I want to solve a variation on the Coupon Collector Problem, or (alternately) a slight variant on the standard Birthday Problem. I have a slight variant on the standard birthday problem.

In the standard Coupon Collector problem, someone is choosing coupons at random (with replacement) from n different possible coupons. Duplicate coupons do us no good; we need a complete set. The standard question is "What is the expected number of coupons (or probability distribution in number of coupons) to collect them all?

In the standard birthday problem, we choose k items from n options with replacement (such as k people in a room, each with one of 365 possible birthdays) and try to determine the probability distribution for how many unique values there will be (will they have the same birthday?).

In my problem, someone has chosen k items from n options and I know that there were p distinct values, but I don't know what k was. If p=n this is the coupon problem, but I want to allow for values of p that are less than n.
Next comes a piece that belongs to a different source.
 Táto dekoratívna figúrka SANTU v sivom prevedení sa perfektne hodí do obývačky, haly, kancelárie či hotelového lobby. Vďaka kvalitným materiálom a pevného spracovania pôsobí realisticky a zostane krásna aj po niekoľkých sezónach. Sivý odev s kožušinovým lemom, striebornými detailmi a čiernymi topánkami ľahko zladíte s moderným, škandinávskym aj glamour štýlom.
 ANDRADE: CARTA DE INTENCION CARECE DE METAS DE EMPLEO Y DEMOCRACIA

I want to determine the probability distribution for k (actually, all I need is the expected value of k, but the distribution would be interesting as well) as a function of p and n.


To do this properly, you need some sort of underlying distribution for $k$. For example you could use Bayesian methods: start with a prior distribution for $k$, multiply it by the likelihood of seeing $p$ for each $k$ given $n$, and divide by some constant to get a posterior probability distribution for $k$. You might then take the mean, median or mode of that posterior distribution as your central estimate; with an improper uniform prior, taking the mode would give the maximum likelihood estimate.
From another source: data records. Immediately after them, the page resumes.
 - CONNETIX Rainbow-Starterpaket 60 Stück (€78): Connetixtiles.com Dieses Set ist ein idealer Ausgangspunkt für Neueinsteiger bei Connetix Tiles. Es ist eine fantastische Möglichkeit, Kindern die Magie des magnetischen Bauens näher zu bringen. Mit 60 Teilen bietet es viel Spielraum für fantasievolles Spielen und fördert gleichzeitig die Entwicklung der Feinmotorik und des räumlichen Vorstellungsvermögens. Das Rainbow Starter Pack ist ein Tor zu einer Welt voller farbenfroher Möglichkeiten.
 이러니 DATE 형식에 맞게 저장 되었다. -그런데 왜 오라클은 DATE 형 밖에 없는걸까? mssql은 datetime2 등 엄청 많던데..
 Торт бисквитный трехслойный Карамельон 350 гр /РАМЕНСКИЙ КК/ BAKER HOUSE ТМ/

Another approach based on the coupon collector's calculation might be to assume that the person was aiming to get $p$ distinct items and stopped when this was achieved. In that case the expected value of $k$ would be $$\sum_{j=n-p+1}^n \frac{n}{j} = n(H_n - H_{n-p}) \approx n \log_e \left(\frac{n}{n-p}\right) $$ though the dispersion would be relatively wide. $H_n$ is the $n$th harmonic number.


This is a statistical problem, not a probabilistic problem: you have observed data (the value $p$) and seek to infer the underlying probabilistic process (the parameter $k$). The process going from $k$ to $p$ is understood, but the reverse is much more difficult. You cannot "solve" this problem of parameter estimation.

The Maximum Likelihood Estimator of $k$ would be $\hat k = p$. Other statistical criteria would lead to different estimates.